Crap, it just hit me. I’m doing some cool sh$% at Semingo! Join us!

Writing Thread Safety tests for instance data

In my last post, I wrote about Implementing a simple multi-threaded TasksQueue. This post will concentrate in how to test for Thread Safety of the queue. Reminder: our queue is used by multiple consumers which means that I must make sure that before each Enqueue\Dequeue\Count, a lock will be obtained on the queue. Imagine that I have 1 item in the queue and 2 consumers trying to dequeue this item at the same time from different threads: The first dequeue will work just fine but the second will throw an exception (dequeue from an empty queue). We’re actually trying to make sure that this queue works as expected in multi-threaded environment. So far about our goal.

So how can we test it?
Testing for the queue’s thread safety through testing of TasksQueue, the way it’s written now, can be quite hard and misleading. The ConsumeTask method calls dequeue inside a lock but what if we had a thread-safety-related-bug there? do we test only that the dequeue works as expected? not really. ConsumeTask (1) dequeue an item and then (2) “consume it”. We’re actually testing 2 behaviors\logics - this way, it’s really hard to test only for the queue’s thread safety. We should always test a single method for a specific behavior and eliminate dependencies. Only when we cover our basis, we can check for integration between multiple components (the underlying queue and the TasksQueue).

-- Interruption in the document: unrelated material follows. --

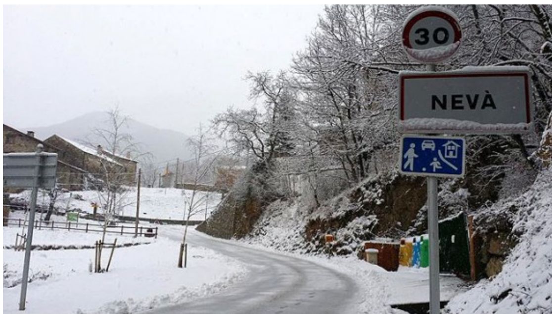
Nevada a Nevà.

One way of allegedly achieving this goal is to create a decorator around the queue, let’s call it SafeQueue, which will encapsulate a queue and wrap it with thread-safe forwarding of the calls (it will lock some inner object and call the original queue). The SafeQueue could be tested then by its own and used by our TasksQueue. This will ”enable” us to remove the locking in the TasksQueue and use Set\WaitOne instead of Pulse\Wait in order to notify our consumers on arrival of a new task: 


while (_safeQueue.Count == 0)
   Monitor.WaitOne();

// NOTICE: by the time we get here, someone could have pulled the last item from the queue on another thread!
string
item = _safeQueue.Dequeue();


WATCH OUT: This is a deadly solution that will make our TasksQueue break in a multi-threaded environment. Just like that, our code is not thread-safe anymore although we’re using a SafeQueue that expose (atomic) thread-safe methods\properties. This is exactly why instance state should not be thread-safe by default (more details at Joe Duffy’s post).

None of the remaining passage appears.